» Data in this exercise
--

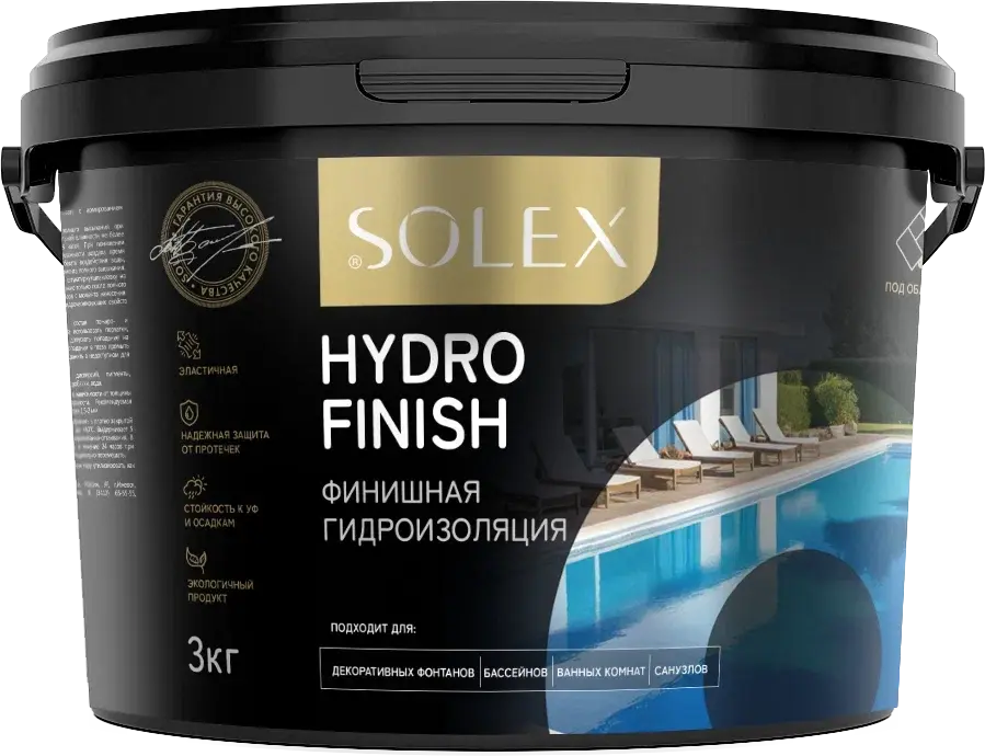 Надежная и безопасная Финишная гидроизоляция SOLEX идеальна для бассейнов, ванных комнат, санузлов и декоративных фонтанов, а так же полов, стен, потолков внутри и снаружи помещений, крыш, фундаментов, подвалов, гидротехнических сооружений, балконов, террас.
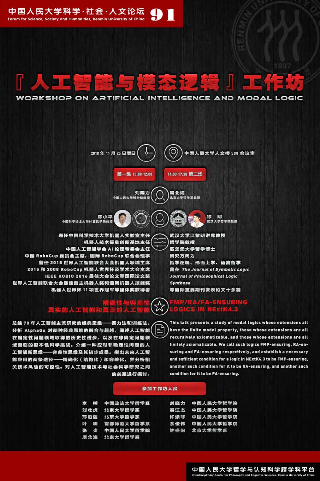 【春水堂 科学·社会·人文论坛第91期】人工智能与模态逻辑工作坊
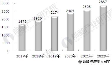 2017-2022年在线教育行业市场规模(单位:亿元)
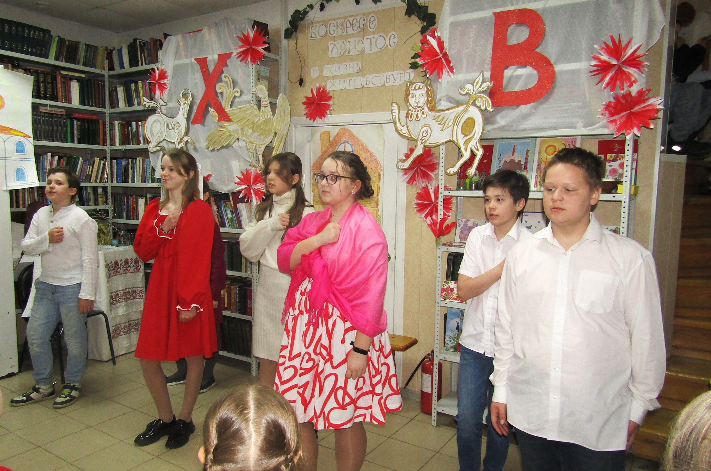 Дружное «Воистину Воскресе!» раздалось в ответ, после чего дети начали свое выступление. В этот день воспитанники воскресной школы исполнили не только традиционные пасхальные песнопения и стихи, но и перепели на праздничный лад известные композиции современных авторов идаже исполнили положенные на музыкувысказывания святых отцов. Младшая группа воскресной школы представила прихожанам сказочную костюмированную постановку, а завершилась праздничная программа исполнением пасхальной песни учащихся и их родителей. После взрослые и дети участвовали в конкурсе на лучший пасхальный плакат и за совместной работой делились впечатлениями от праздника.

--

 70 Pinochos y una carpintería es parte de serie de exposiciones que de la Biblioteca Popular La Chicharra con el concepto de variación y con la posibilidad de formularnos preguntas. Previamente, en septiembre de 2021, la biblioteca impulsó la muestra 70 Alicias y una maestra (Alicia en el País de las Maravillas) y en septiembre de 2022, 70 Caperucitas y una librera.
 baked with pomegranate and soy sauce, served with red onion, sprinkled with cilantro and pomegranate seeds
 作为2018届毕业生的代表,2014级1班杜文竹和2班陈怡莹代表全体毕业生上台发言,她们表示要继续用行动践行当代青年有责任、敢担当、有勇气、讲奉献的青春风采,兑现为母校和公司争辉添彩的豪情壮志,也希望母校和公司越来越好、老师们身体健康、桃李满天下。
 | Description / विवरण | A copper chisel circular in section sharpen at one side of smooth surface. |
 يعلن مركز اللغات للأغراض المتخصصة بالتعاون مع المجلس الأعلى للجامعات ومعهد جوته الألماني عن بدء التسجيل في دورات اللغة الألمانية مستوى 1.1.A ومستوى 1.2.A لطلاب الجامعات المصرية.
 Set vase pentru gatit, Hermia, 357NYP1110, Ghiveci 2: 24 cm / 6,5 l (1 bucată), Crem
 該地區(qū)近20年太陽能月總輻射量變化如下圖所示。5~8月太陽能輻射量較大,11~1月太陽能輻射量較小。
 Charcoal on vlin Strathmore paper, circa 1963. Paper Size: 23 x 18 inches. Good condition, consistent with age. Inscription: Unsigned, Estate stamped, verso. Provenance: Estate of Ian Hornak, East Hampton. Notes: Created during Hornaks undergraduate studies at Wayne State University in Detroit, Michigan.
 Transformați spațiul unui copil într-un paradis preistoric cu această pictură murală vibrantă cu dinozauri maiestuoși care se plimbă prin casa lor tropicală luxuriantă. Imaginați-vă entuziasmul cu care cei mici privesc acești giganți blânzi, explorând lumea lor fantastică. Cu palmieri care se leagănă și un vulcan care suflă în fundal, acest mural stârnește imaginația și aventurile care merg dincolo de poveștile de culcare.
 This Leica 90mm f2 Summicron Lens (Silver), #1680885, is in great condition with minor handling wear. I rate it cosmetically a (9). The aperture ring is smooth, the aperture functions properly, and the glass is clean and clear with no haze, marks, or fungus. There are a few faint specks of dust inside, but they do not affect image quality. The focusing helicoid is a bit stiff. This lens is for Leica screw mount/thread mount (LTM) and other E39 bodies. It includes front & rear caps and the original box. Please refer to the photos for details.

--

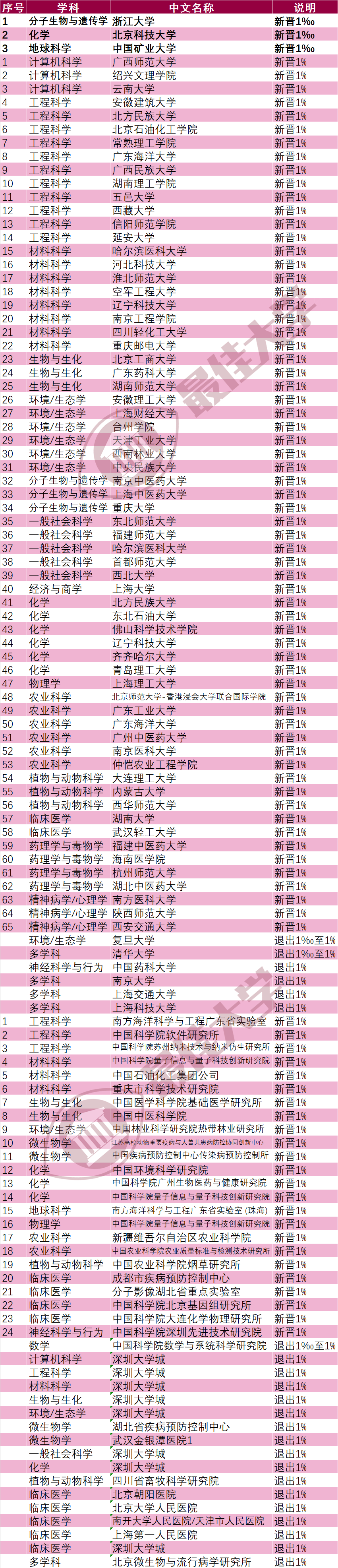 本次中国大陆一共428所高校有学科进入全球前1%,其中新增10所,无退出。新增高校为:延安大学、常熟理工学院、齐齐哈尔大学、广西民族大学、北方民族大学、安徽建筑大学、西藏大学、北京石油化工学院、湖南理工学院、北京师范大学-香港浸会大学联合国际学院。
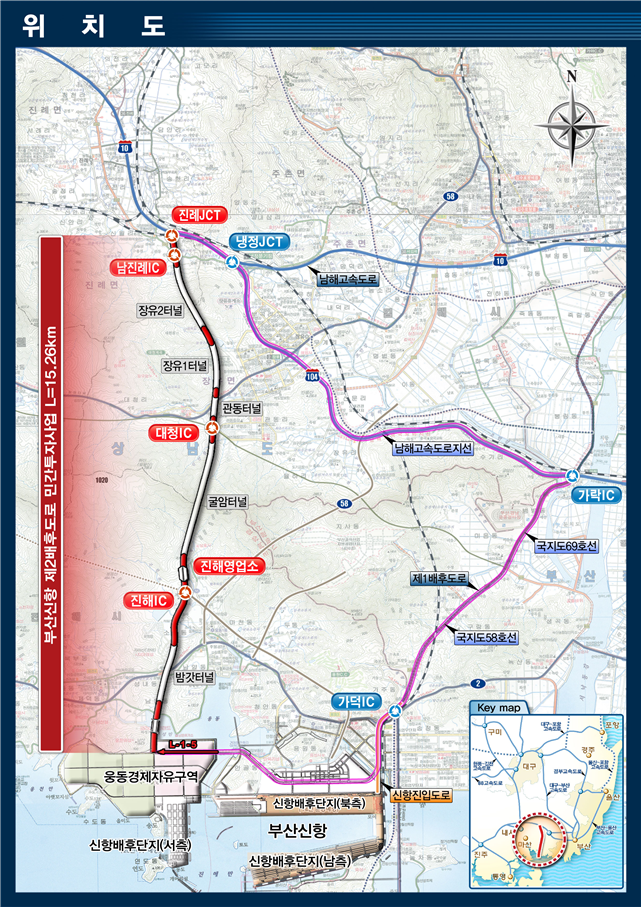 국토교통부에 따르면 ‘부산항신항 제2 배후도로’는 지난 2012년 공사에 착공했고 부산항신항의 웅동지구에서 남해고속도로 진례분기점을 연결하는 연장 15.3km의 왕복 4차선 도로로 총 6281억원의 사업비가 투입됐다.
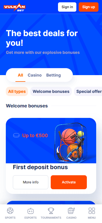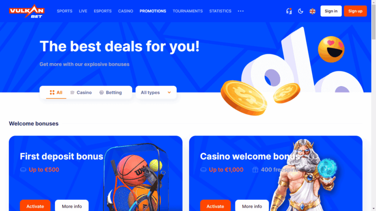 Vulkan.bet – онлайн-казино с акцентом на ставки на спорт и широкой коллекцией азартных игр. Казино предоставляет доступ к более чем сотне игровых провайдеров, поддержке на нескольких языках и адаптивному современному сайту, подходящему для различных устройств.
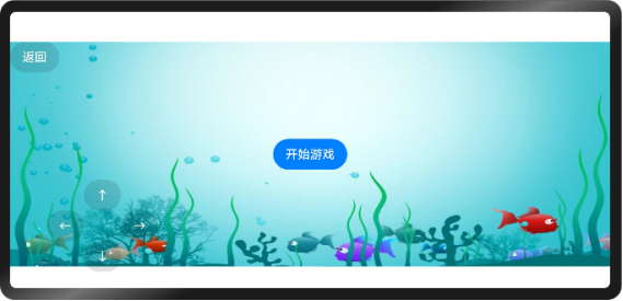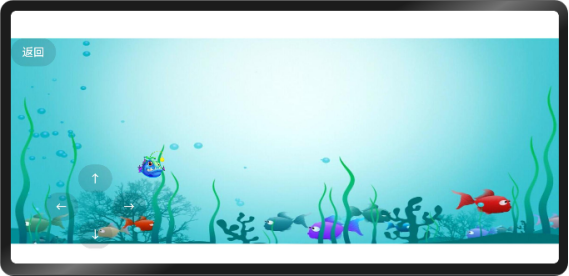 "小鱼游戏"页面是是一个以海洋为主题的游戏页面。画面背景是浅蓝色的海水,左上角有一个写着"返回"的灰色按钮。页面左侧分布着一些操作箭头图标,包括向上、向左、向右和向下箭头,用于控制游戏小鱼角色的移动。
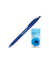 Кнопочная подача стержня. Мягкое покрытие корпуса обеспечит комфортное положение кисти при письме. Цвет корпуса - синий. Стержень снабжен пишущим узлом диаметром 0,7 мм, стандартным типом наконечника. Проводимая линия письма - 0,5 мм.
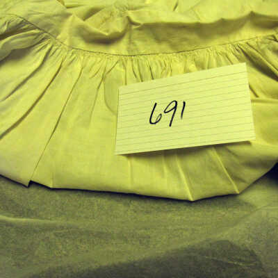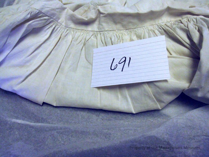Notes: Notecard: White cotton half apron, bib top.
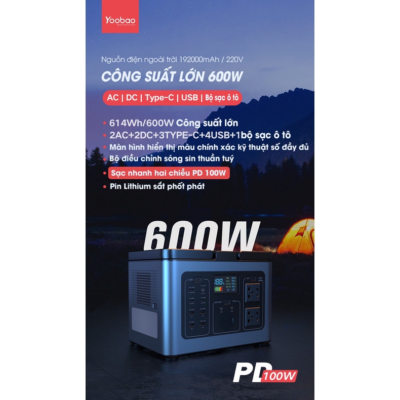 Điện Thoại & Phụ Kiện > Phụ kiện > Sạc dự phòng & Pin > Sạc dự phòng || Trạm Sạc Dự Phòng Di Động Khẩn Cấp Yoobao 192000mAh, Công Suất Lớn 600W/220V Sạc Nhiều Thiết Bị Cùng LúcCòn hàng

--

» Description of the task
Transcribe the records above exactly, beginning at the line that contains "baked with pomegranate" and ending with the line that contains "Set vase pentru", both included, and nothing else.

» Written answer
 baked with pomegranate and soy sauce, served with red onion, sprinkled with cilantro and pomegranate seeds
 作为2018届毕业生的代表,2014级1班杜文竹和2班陈怡莹代表全体毕业生上台发言,她们表示要继续用行动践行当代青年有责任、敢担当、有勇气、讲奉献的青春风采,兑现为母校和公司争辉添彩的豪情壮志,也希望母校和公司越来越好、老师们身体健康、桃李满天下。
 | Description / विवरण | A copper chisel circular in section sharpen at one side of smooth surface. |
 يعلن مركز اللغات للأغراض المتخصصة بالتعاون مع المجلس الأعلى للجامعات ومعهد جوته الألماني عن بدء التسجيل في دورات اللغة الألمانية مستوى 1.1.A ومستوى 1.2.A لطلاب الجامعات المصرية.
 Set vase pentru gatit, Hermia, 357NYP1110, Ghiveci 2: 24 cm / 6,5 l (1 bucată), Crem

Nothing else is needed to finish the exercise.